Dia mengangguk, “Aku tak ingin kamu kesepian, apalagi menyimpan luka hanya untuk orang yang tak tahu seberapa besar cintamu padanya!”
         Kupandang mata Mas Rian, meminta kejelasan dari matanya. Mata memang tidak pernah bisa bohong. Di sana, di mata itu kutemukan kaca. Mata itu berkaca-kaca, seolah ingin memberi kepastian bahwa itu adalah caranya untuk mencintaiku.
“Aku mencintamu, Bid. Bahagiamu adalah bahagiaku! Jika kau memang bisa bahagia dengan Sahru, aku pun akan merelakanmu dengannya. Aku akan membantumu sampai kamu bisa mendapatkan kabarnya kembali!” ucapnya dengan tersenyum. Entah itu senyum tulus atau paksaan.
Kata-katanya membuatku tak bisa menahan air mata lagi. Bulir-bulir bening mulai jatuh perlahan di atas ke dua pipiku. Sungguh, aku tak pernah menyangka bahwa cinta Mas Rian padaku sangat besar, sampai dia rela mencari informasi tentang Rama dan memberikan handphonenya padaku agar aku bisa berhubungan dengan Rama.
“Mas … aku tak tahu harus berkata apa! Tapi, terima kasih karena kamu mau mengerti aku. Terima kasih, Mas …! Hiks hiks ….” Aku pun mulai menangis di depannya.

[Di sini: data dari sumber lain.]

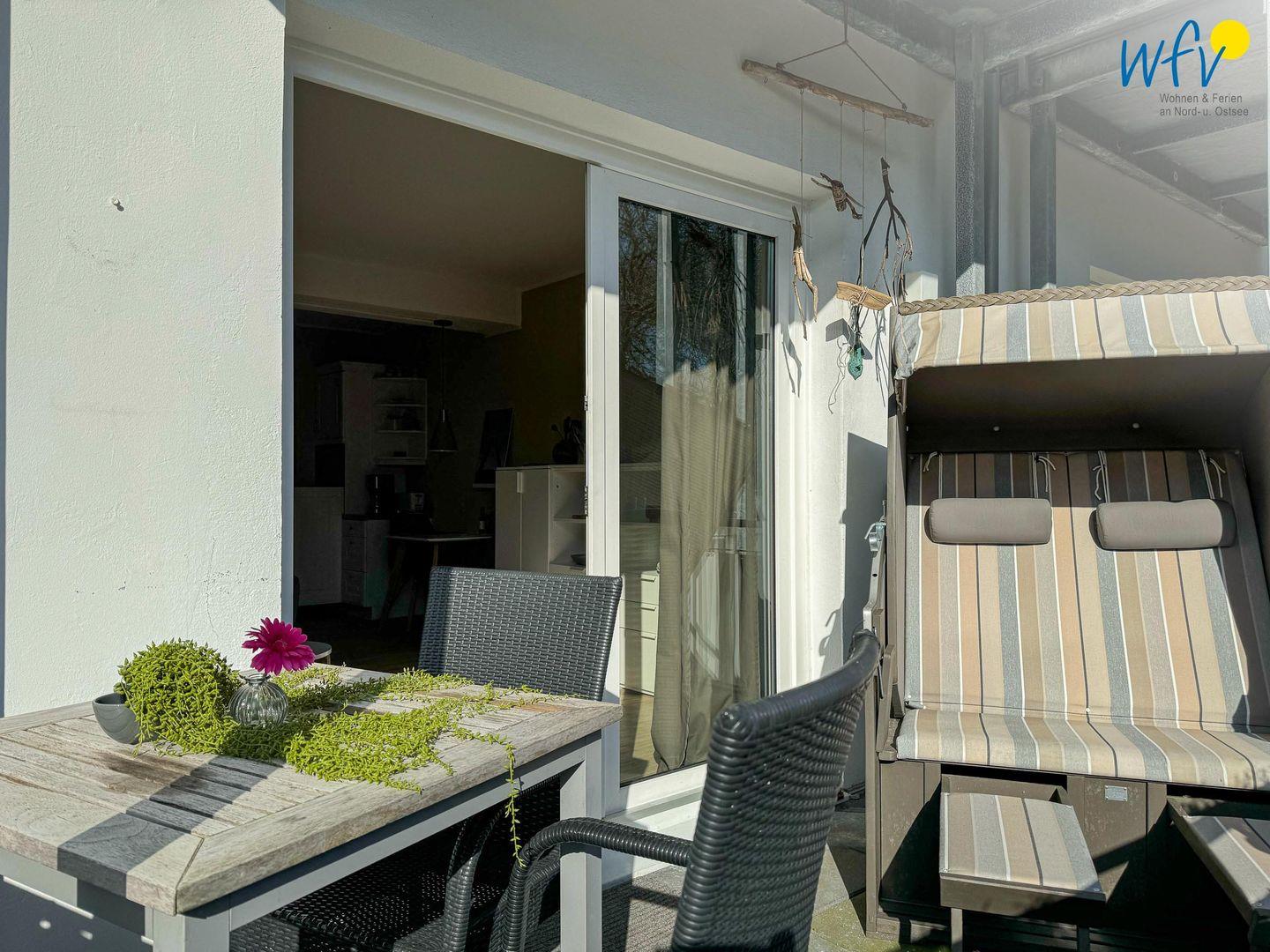 Sonne und frische Nordseeluft können Sie auf dem Balkon der Wangerooger Ferienwohnung genießen. Hier im Gartenstuhl ein gutes Buch zu lesen oder zu zweit beisammen zu sitzen und zu klönen, entfacht pures Urlaubsgefühl. Um das Haus herum ist zusätzlich ein kleiner Gemeinschaftsgarten angelegt.

“Bid, jangan pernah menangis lagi. Kalau kamu nangis gini, aku jadi sedih! Bukankah aku melakukan semua ini agar kamu bisa tersenyum? Kalau kamu nangis, sia-sia dong usahaku!” ucapnya pelan sambil mengusap air mataku yang mengalir dengan deras.
“Mas, apa kau pergi ke sana karena ingin melupakanku?”
“Tidak! Kau adalah kenangan terindah buatku. Aku tak mungkin bisa melupakanmu, namun aku juga harus menyadari bahwa aku tak bisa mendapatkan cintamu. Biarlah semua mengalir apa adanya. Nanti, jika Allah menghendaki kita berjodoh, kita pun akan bertemu kembali!”
Ah, Mas Rian. Maafkan aku karena tak bisa mencintaimu. Maafkan aku karena hati ini telah menjadi milik Rama, Sahru Ramadhan. Terima kasih karena ketulusan cintamu padaku, terima kasih karena pengorbananmu padaku. (Baca selengkapnya)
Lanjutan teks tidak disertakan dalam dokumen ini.